SEC Chairwoman Mary Shapiro recently told the U.S. House of Representatives Financial Services Committee that the Commission is hard at work revising its oversight role with respect to credit rating agencies. Specifically, the Commission is considering implementing new rules for the industry and has established a branch of examiners to oversee the conduct of credit rating agencies.
One of the goals of any new regulatory scheme, Shapiro said, would be to limit a company’s ability to “rate shop.” That is, the new rules will prevent a company in the process of issuing new debt securities from secretly approaching multiple credit rating agencies until it finds one willing to assign the new issue an acceptable rating. Instead, an issuer will be required to disclose every agency that “pre-rates” its securities – and the rating that each would have assigned. Such a regime will prevent an issuer’s ability to play one rating agency off of another – and should thus serve to make the entire ratings process much more transparent.

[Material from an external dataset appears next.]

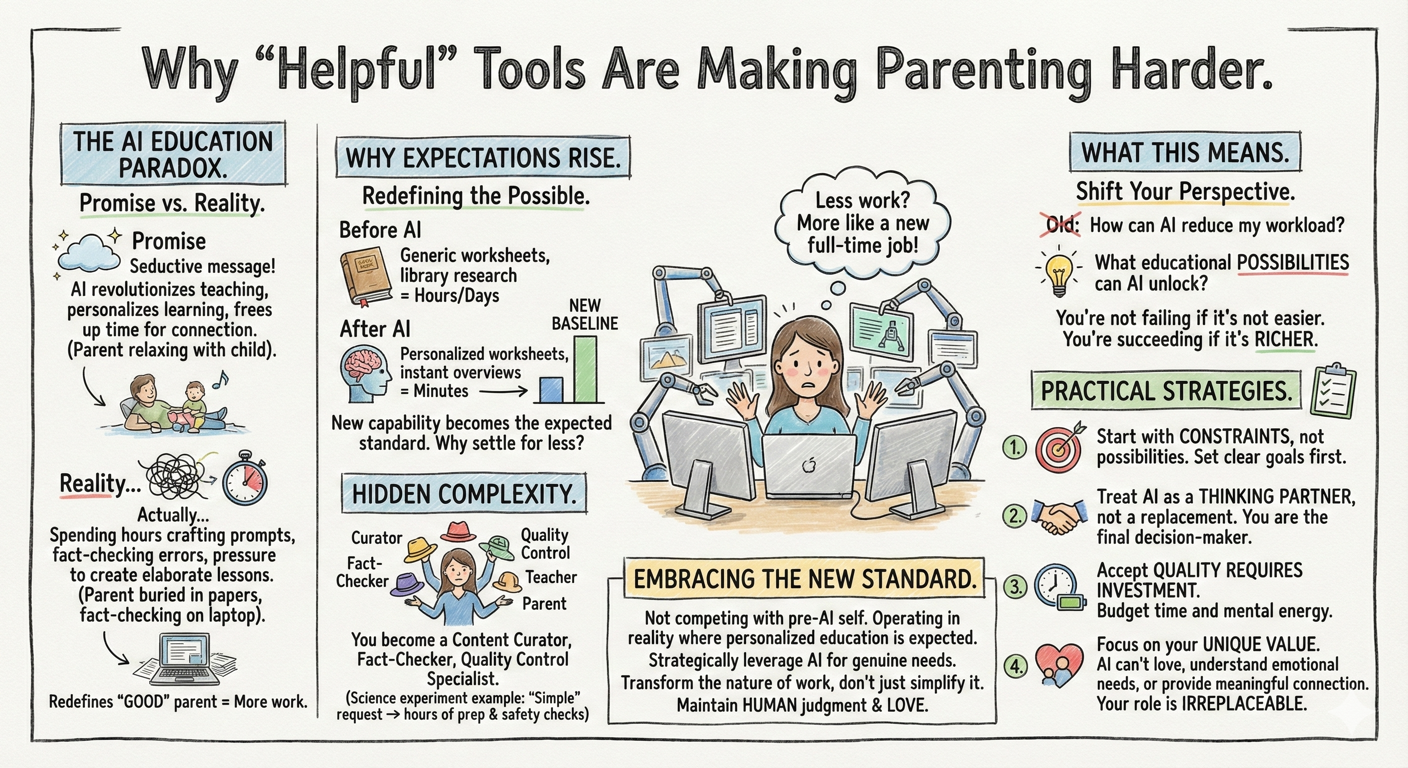 Welcome to the AI education paradox: tools designed to make parenting easier are actually raising the bar for what we think we should accomplish with our children.

Although credit rating agencies have long resisted increased scrutiny of their operations, we feel that the time for requiring more fulsome ratings disclosure has come. These agencies have been widely criticized as significant contributors to the current economic crisis – doing little to nothing to signal to the market the risk inherent in mortgage-backed securities, for instance. New SEC regulations and a branch of the Commission tasked with enforcing them appear to be a major step in the right direction toward getting information on investment risk into the hands of the people who most need it – investors.